For failover slots I changed pg_basebackup to copy pg_replslot since I have to copy failover slot state. An alternative would be to make sure the backup checkpoint includes every slot whether or not it's dirty, but copying pg_replslot seemed to make more sense and is more consistent with normal recovery startup. This made the existing problem with stale slots more visible though.

To solve that, as part of this patch the server now drops non-failover slots during archive recovery startup - which includes both true archive based restore/PITR and streaming replication.

As for the backup label change: I don't feel too strongly about this. It'll allow backup tools to make sure to copy and archive enough WAL to keep failover slots functional. It's harmless - all the common tools fish things out of backup labels with regexps and won't care about a new line. It can *not* be achieved by changing START WAL LOCATION instead since that's what the server uses as the start of redo when you begin archive recovery so it must be a checkpoint's REDO pointer. On the other hand pg_basebackup gets the information it needs about minimum WAL from the return value to the BASE_BACKUP command, which I changed to the min() of the WAL needed for redo or failover slots, so it doesn't actually need the info in the label to do its job right. In the great majority of cases if you restore from a backup you'll do archive replay anyway so any failover slots would rapidly advance past needing the extra WAL that got retained in the backup anyway. I'd rather solve this 100% though, not ask users to hope they don't hit this window. Especially since slots might be used for bursty or delayed replication that widens the window.

Notice that slot creation doesn't get replayed to a replica until the slot is made persistent.

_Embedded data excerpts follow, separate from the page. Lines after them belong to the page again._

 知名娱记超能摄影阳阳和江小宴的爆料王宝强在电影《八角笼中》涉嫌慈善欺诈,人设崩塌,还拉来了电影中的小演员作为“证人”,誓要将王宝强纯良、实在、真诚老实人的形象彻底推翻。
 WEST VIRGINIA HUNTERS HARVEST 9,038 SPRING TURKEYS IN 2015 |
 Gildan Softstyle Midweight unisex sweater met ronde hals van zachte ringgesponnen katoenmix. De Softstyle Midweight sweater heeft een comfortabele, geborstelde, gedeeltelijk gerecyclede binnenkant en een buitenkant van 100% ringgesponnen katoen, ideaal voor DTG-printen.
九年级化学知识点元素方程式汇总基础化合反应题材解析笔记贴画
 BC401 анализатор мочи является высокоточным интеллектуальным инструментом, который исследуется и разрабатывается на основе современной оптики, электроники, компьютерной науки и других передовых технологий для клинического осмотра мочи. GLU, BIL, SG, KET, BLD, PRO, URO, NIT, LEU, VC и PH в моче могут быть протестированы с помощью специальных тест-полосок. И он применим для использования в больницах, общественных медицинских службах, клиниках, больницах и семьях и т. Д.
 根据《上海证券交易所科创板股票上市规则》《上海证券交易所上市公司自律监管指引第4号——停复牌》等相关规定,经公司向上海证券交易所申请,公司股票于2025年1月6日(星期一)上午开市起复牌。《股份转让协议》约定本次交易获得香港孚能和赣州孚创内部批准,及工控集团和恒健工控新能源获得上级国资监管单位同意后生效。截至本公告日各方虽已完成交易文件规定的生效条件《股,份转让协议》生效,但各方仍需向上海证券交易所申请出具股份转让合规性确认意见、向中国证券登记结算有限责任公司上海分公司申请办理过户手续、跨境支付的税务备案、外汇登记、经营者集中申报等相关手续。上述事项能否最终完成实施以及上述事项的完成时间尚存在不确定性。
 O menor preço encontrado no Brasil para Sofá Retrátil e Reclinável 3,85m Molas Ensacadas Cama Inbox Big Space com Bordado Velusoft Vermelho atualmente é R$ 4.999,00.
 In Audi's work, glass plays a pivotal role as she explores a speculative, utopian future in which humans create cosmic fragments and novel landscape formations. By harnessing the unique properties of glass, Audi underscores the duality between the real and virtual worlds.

That way ephemeral slots from failed decoding setups don't have any effect on the replica. I'd like extra attention on this part though, as I'm concerned there might be a risk that as a result the replica could remove WAL still needed by the slot by the time it's made persistent and replicated. If you promote during this period your slot on the replica would be broken. I haven't been able to reproduce it and I'm not convinced it can happen but could use reviewer input there. The reason I don't just replicate ephemeral slot creation to solve this is that ephemeral slots are dropped silently during redo after crash recovery, where we can't write WAL to tell the replica it no longer needs to keep its copies.

User interface for failover slots

Adds the SQL function parameters, walsender keyword and view changes as well as the docs changes.

Does not add a --failover option to pg_recvlogical or pg_receivexlog's --create-slot option. Think one is needed?